For example, programs designed to promote residential mobility among public housing residents, in which between one quarter and one-half of the families that are offered financial assistance and mobility counseling fail to take advantage of the offer. Thus, an evaluation of impact of the program across all families offered the chance to move would show much smaller effects than an evaluation focused only only those families that actually moved in conjunction with the program (see "Treatment on the Treated Impacts"). However, ITT effects take into consideration the reality that not all families will use a service offered to them, and may point out problems with the program’s accessibility to target families.
Quasi_Experimental Design
A quasi-experimental design is one in which the comparison group is formed by some method other than random assignment (see Randomized Control Trial/ Experimental Study). Although random assignment of children or parents to program and comparison groups is the "gold standard" for program evaluation, sometimes this is not possible. In some circumstances, a randomized controlled trial is neither practical nor ethical. For example, if access to services is a legal entitlement, denying program services to some children would be a violation of the law. In such cases, alternative ways of constructing "no treatment" groups are needed and it is essential that the children and families in the comparison group be as similar to the program group as possible.
The strengths of quasi-experimental designs are highly variable, with an approach called Regression Discontinuity Design (RDD) considered by experts to be the strongest alternative to random assignment. Evaluations that select comparison groups in other ways should probably be assumed guilty of bias until proven otherwise. Countless studies have shown how difficult it is to create comparison groups that are similar, absent an RCT design or close approximation. Especially important indicators of treatment/comparison group comparability are assessments of test scores, behaviors and other outcomes of interest for both groups of children taken just prior to the point of program entry. Demonstrating that the program group and comparison group children or parents were initially similar on characteristics that the program was intending to affect is vital for trusting that differences emerging after the beginning of the program can be attributed to the program itself. Evaluations that do not compare and discuss pre-service characteristics of program and comparison-group children should be viewed with skepticism.
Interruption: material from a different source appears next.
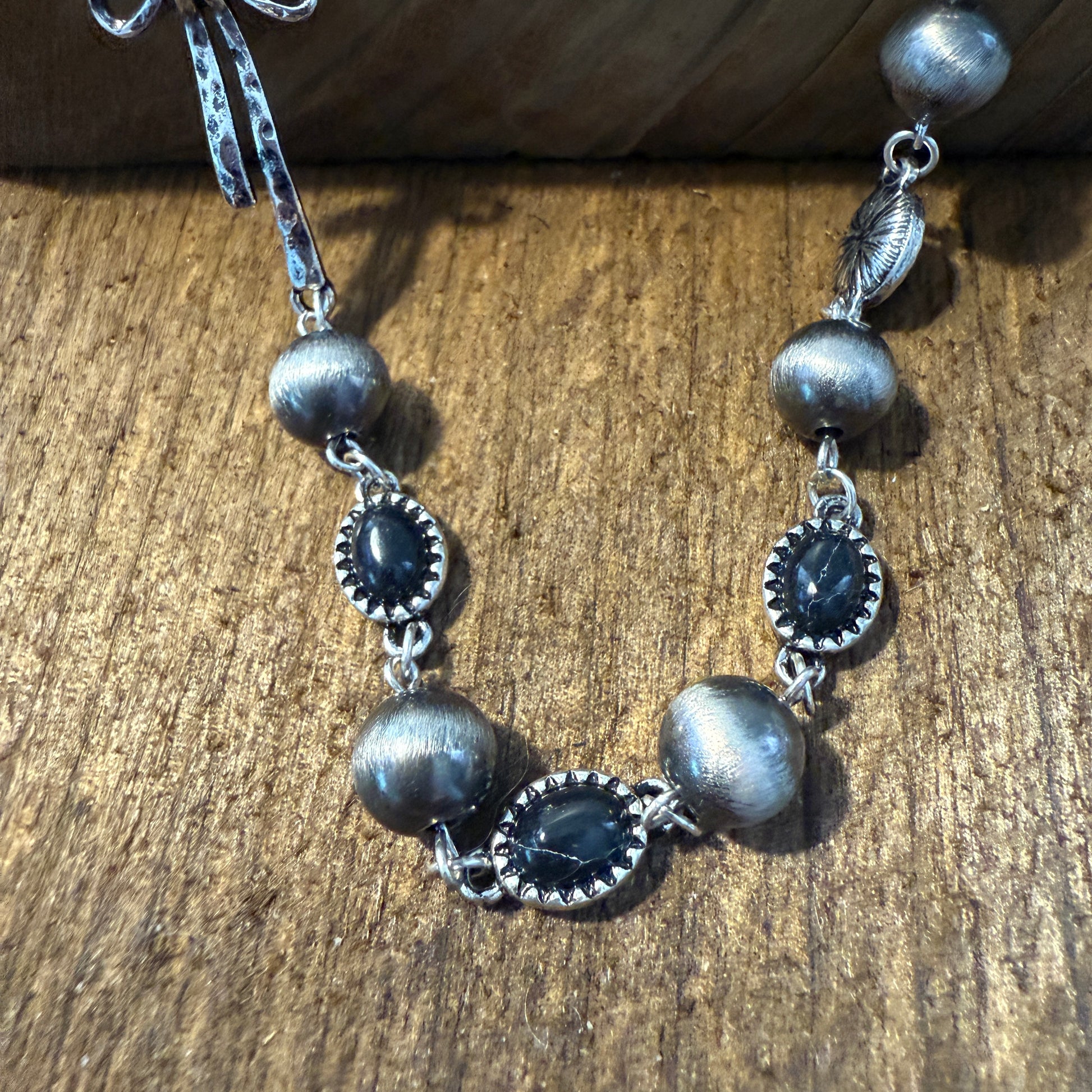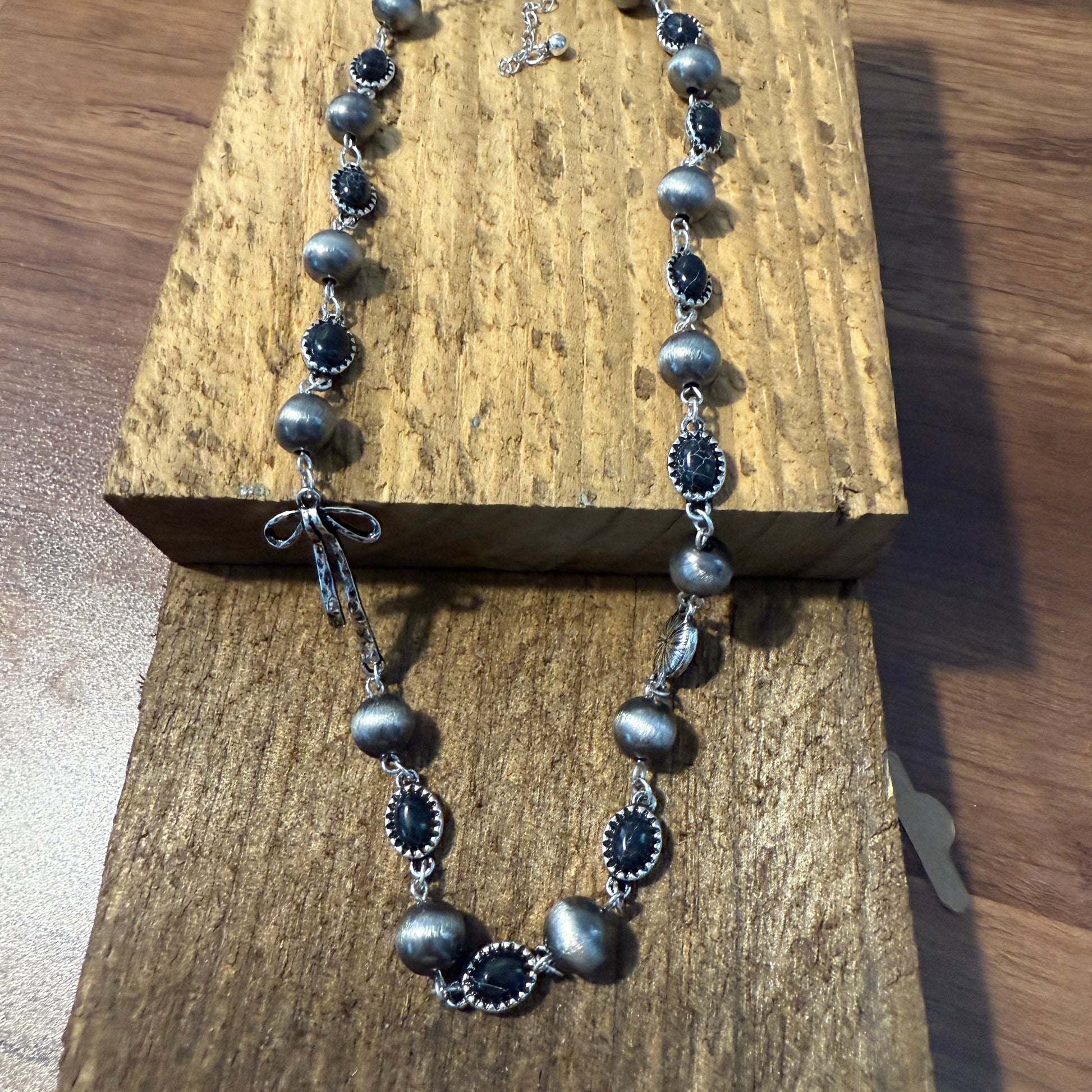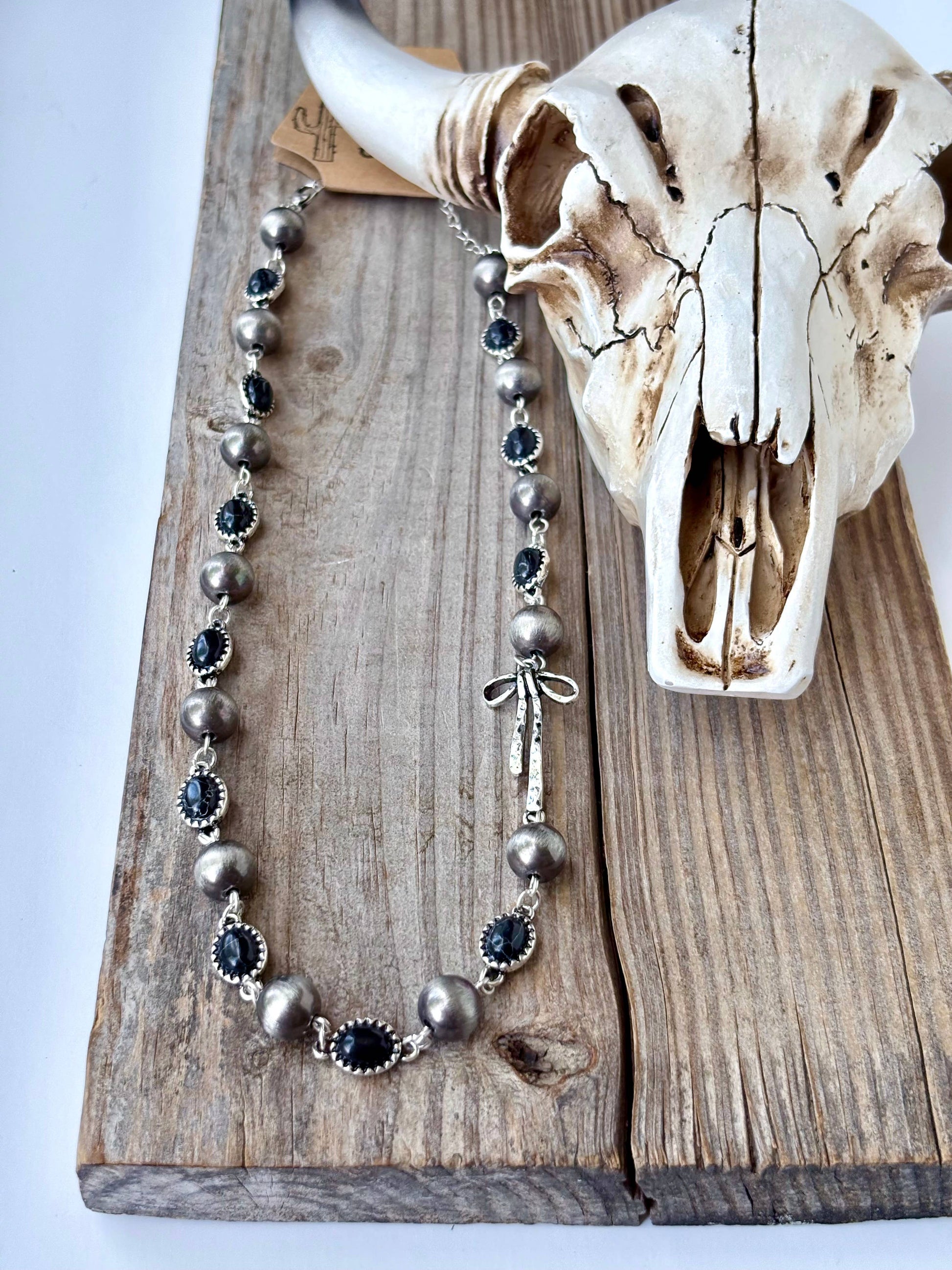 Western Style Navajo Pearl Stone Coquette Bow Necklace in Black and Brushed Silver

Randomized, Controlled Trial/Experimental Study
The ideal method for assessing program effects is an experimental study referred to as a randomized, controlled trial (RCT). In an RCT, children who are eligible to participate in a program are entered into a "lottery" where they either win the chance to receive services or are assigned to a comparison (control) group. Parents or program administrators have no say in who is selected in this lottery. When done correctly, this process creates two groups of children who would be similar if not for the intervention. Any post-program differences in achievement, behavior, or other outcomes of interest between the two groups can thus be attributed to the program with a high degree of confidence.
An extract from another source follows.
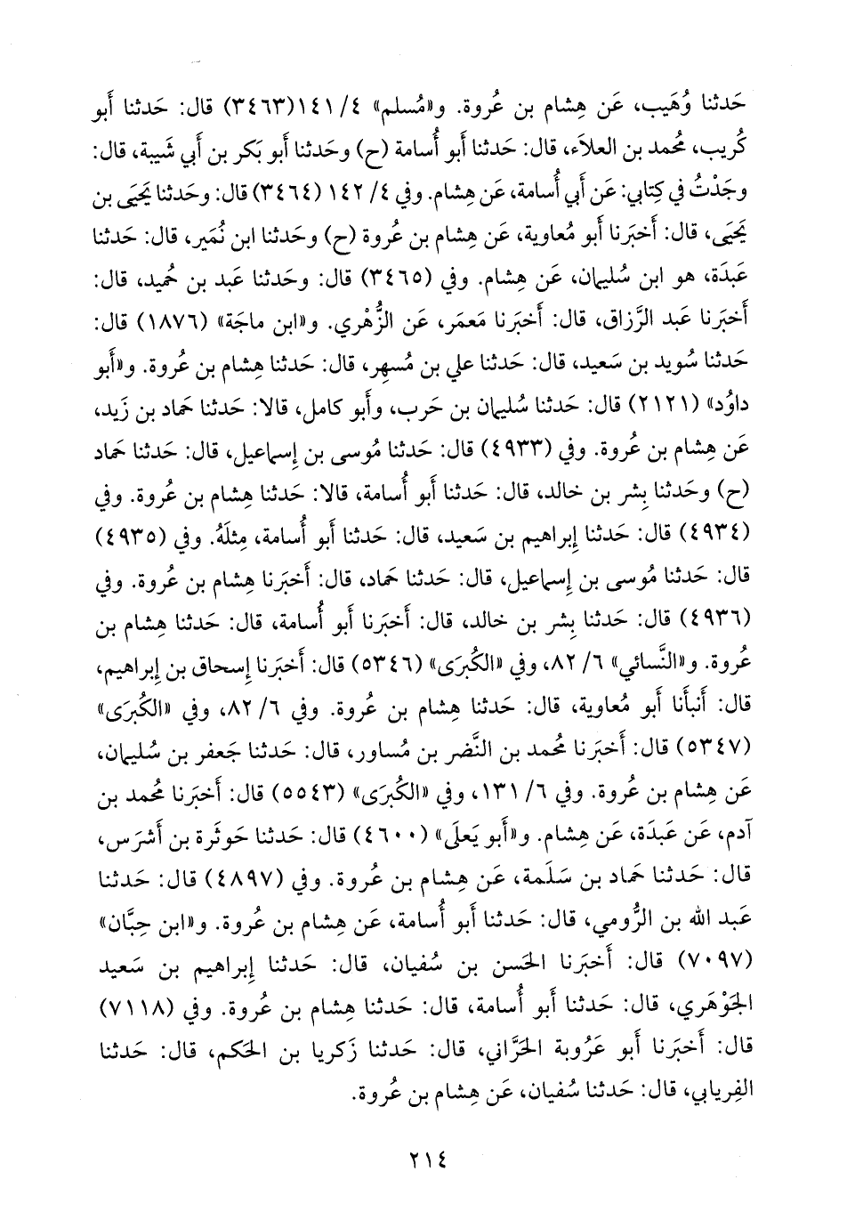 وفي (٤٨٩٧) قال: حدثنا عبد الله بن الرومي، قال: حدثنا أَبو أسامة، عن هشام بن عروة. و «ابن حِبَّان» (٧٠٩٧) قال: أخبرنا الحسن بن سفيان، قال: حدثنا إبراهيم بن سعيد الجوهري، قال: حدثنا أَبو أسامة، قال: حدثنا هشام بن عروة. وفي (٧١١٨) قال: أخبرنا أَبو عَروبَة الحراني، قال: حدثنا زكريا بن الحكم، قال: حدثنا الفريابي، قال: حدثنا سفيان، عن هشام بن عروة.

It is possible for an RCT to be flawed, and result in a comparison group that is not comparable to program participants. Examples of how this may occur include problems implementing the lottery process, too few children in the program and comparison groups, and too many children or families dropping out of the study after random assignment has occurred. For this reason, even an RCT study should demonstrate that the comparison group used was similar to the treatment group before the study began.
Regression Discontinuity Design (RDD)
Regression Discontinuity Designs are considered by experts to be the strongest alternative to random assignment. In this case, assignment to either the control or the intervention group is defined by a cut-off point along some measurable continuum (for example, age). For example, some Pre-K evaluations have taken advantage of strict birthday cut-off dates for program eligibility. Specifically, in some states, children who are 4 years old as of September 1 are eligible for enrollment in Pre-K, while those who turn 4 after September 1 must wait a year to attend. In this case, the key comparison in an RDD is between children with birthdays that just make or miss the cutoff. These children presumably differ only in the fact that the older children attend Pre-K in the given year while the younger ones do not. Comparing kindergarten entry achievement scores for children who have completed a year in Pre-K with the scores measured at the same time for children who just missed the birthday cutoff can be a strong assessment of program impacts.
Statistical Significance
Impacts are usually accompanied by a statement regarding their statistical significance. This indicates how much confidence we have that the measured impact is real and not just something that appeared by chance. Impacts that are statistically significant at the 5% level – a common standard – mean that if we could somehow conduct 100 evaluation trials, we would expect to confirm those impacts in 95 of them. That is a good bet that the impacts are real.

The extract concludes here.